Now he spends more time working outside.
“He bales cardboard for us, cleans and mops our entryway and warehouse, patrols and cleans up the grounds outside the co-op, and helps with recycling and trash duties in three of our four buildings,” Wiseman said.
After nearly 20 years on the job, Schmierer is identified with the Co-op.
“Dave is famous with our membership,” Wiseman said. “He is known for his downto-earth modesty, his great sense of humor and his fine, friendly attitude.”
“Staffers love Dave as he is sort of a fixture around here, and one who never shirks a task and never complains,” he added. “As for me: He is as dependable as the sunrise. Also, I think heis very brave.”
Schmierer also gets high marks from his supervisor, Chris Berman, operations manager at the co-op.
“David is one of our most cheerful and pleasant employees to work with,” Berman said. “He always has a smile on his face even while baling cardboard in sub-zero weather. I think we all have something to learn from David’s positive attitude.”
Berman described Schmierer as “a problem solver.”
“He doesn’t let a challenge stand in his way.”
Asked what he would tell a prospective employer if Schmierer were to seek a recommendation for another job, Wiseman had a simple answer: “‘You can’t have him’ is what I would say.”
Schmierer, himself, is modest about his work.
“I keep the place clean,” he said. “I get my work done.

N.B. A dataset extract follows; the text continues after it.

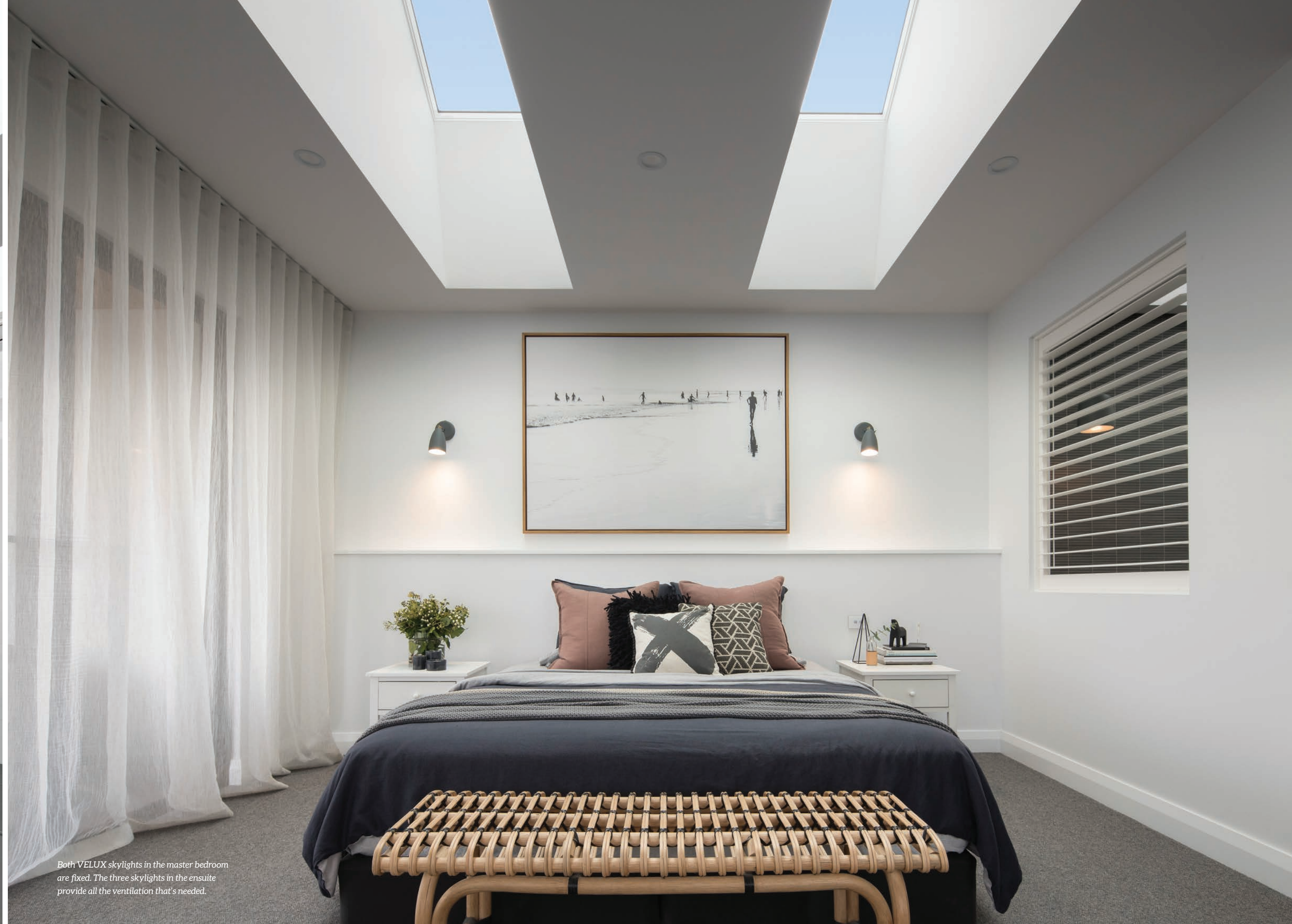
Both VELUX skylights in the master bedroom are fixed. The three skylights in the ensuite provide all the ventilation that's needed.

I try to get there right smack at 10.”
“I like the people there,” he added. “That’s why I’ve been there for nearly 20 years.”

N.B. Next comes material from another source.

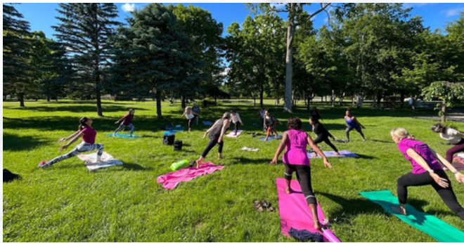
Consulate in association with AIC Group and Indian Community Fredericton organized a special event for yoga enthusiasts at New Brunswick.

He rides the mile or so to work on a high-end Kona, one of two mountain bikes he uses for transportation in and around Bozeman. He also stays in shape by skiing, hitting the slopes as often as he can with Eagle Mount, which provides therapeutic recreation opportunities for people of all ages and disabilities.
His active social life includes membership in People First of Bozeman, where he serves as vice president and represents the local chapter in the People First Senate.
Still, the accomplishment he’s most proud of is his home.
“It took me nearly 20 years to get it,” he said, relaxing in an easy chair in his living room.
“I told David, ‘If you prepare, opportunities come your way,’” O’Neil said. “He focused on going about what he needed to do to buy the condo and he got it. It took him a while, but he did it.”
Margaret Schmierer would have appreciated that.